*INPUT RECORDS*:
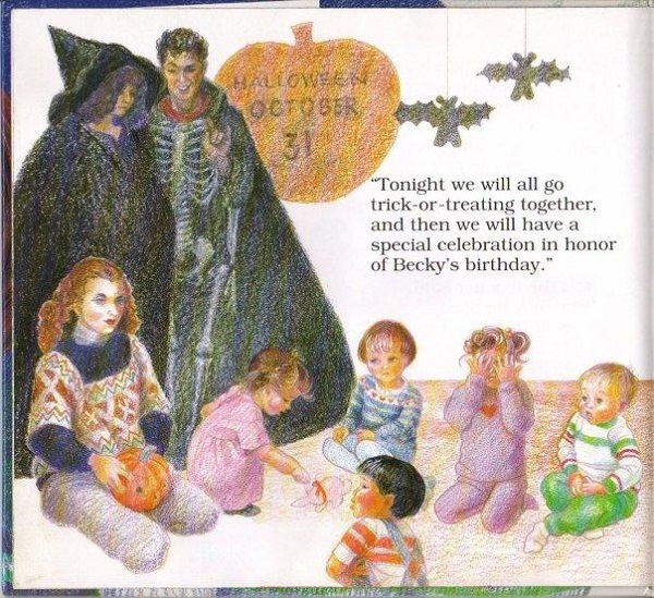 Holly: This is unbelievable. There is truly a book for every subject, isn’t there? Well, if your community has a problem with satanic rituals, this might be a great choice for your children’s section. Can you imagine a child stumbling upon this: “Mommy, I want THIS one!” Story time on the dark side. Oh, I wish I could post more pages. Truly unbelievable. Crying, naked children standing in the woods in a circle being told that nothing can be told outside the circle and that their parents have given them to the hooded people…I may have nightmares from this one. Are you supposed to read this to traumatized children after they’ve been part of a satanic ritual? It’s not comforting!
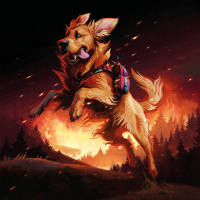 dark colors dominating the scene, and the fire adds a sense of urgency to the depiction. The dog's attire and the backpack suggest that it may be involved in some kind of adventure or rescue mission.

* * *

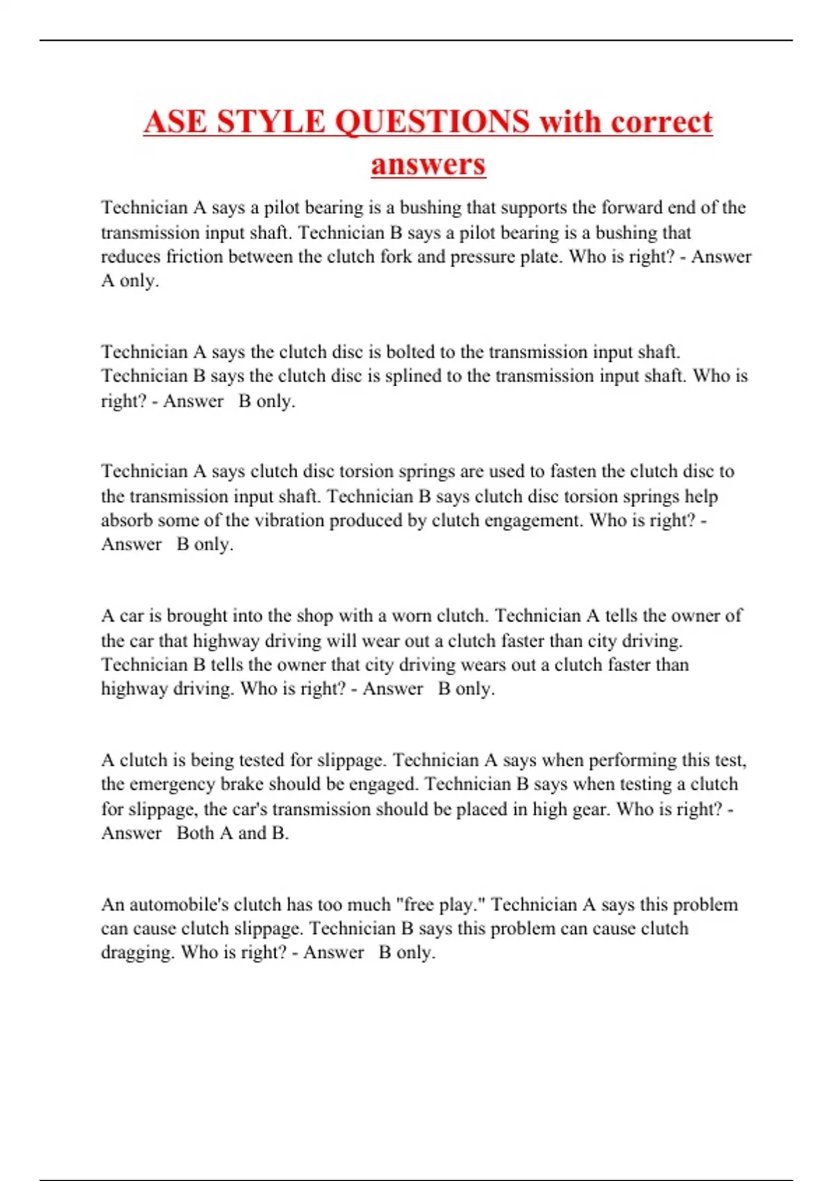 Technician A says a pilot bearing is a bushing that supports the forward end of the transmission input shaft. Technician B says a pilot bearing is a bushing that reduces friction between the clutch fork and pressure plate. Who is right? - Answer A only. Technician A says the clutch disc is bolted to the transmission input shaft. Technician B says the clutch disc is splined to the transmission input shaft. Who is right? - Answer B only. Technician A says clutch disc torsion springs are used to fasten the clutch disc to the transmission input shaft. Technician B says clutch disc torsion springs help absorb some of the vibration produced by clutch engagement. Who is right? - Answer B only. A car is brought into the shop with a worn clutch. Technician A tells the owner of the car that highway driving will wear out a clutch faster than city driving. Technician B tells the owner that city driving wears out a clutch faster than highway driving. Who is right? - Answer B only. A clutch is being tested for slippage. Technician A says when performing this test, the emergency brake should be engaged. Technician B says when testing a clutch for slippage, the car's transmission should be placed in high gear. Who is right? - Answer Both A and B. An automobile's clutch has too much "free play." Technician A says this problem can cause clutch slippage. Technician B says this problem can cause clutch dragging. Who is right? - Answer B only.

*YOUR GOAL*:
Go to the line above that has "Holly: This is" and copy exactly from there down to the line that has "dark colors dominating", both included. Leave the pictures out.

*ANSWER SECTION*:
 Holly: This is unbelievable. There is truly a book for every subject, isn’t there? Well, if your community has a problem with satanic rituals, this might be a great choice for your children’s section. Can you imagine a child stumbling upon this: “Mommy, I want THIS one!” Story time on the dark side. Oh, I wish I could post more pages. Truly unbelievable. Crying, naked children standing in the woods in a circle being told that nothing can be told outside the circle and that their parents have given them to the hooded people…I may have nightmares from this one. Are you supposed to read this to traumatized children after they’ve been part of a satanic ritual? It’s not comforting!
 dark colors dominating the scene, and the fire adds a sense of urgency to the depiction. The dog's attire and the backpack suggest that it may be involved in some kind of adventure or rescue mission.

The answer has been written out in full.